Identify rigid dietary rules and design experiments to test what happens when you break them.
Eating disorders are maintained by strict rules about what, when, and how much to eat. This worksheet helps you identify a specific rule, predict what will happen if you break it, and then test it. Most people discover the feared outcome doesn't happen.
Use in Stage 3 of CBT-E when addressing dietary rules and rigid food rules. Appropriate once regular eating is established and the client can identify specific dietary rules they follow (e.g., avoiding certain food groups, calorie limits, time-based rules).
Frame as a scientific experiment to test what actually happens when a dietary rule is broken, compared to what the eating disorder predicts. Emphasise that this is collaborative and the client has full control over which rules to test and when.
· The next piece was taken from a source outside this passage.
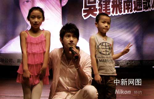 在歌友會上吳建飛演唱了《偏偏愛上你》、《你離開以后》等歌曲,還演唱了自己作詞,潘瑋柏譜曲的《手拉手》。接著又與幸運歌迷大玩心心相印和夾乒乓球等游戲,引發(fā)現(xiàn)場歌迷連連尖叫。歌迷代表還貼心的送上風箏,祝偶像一飛沖天,唱片大賣。最讓吳建飛驚喜的是現(xiàn)場來了2位年僅5歲的鐵桿小粉絲,居然都可以完整的演唱完吳建飛的新歌。在被問及七夕將至有何約會時,害羞的吳建飛漲紅了臉,坦言現(xiàn)忙于工作無暇去好好經營一段感情。反而比較期待第二天的奧運會開幕式。說起心目中女友的標準,吳建飛表示兩個人在一起舒服就好了,但是她要顧家、體貼、溫柔,最重要是要孝順父母。

Start with lower-anxiety dietary rules before progressing to more feared ones. For clients with purging behaviour, ensure safety planning is in place before testing rules around 'forbidden' foods. Grade the difficulty collaboratively.
Do not use if the client is medically unstable or if breaking dietary rules could trigger dangerous compensatory behaviours without adequate safety planning. Ensure the therapeutic relationship is strong enough to support potential distress.
Predict outcomes before the experiment — what does the eating disorder say will happen versus what the client thinks might actually happen? Record the actual outcome and compare. Most clients discover their feared consequences are significantly overestimated.
Suitable for clients working with eating disorder, dietary rules, cbt-e, behavioural experiment, food rules. This tool can be used as a standalone worksheet or as part of a structured homework plan.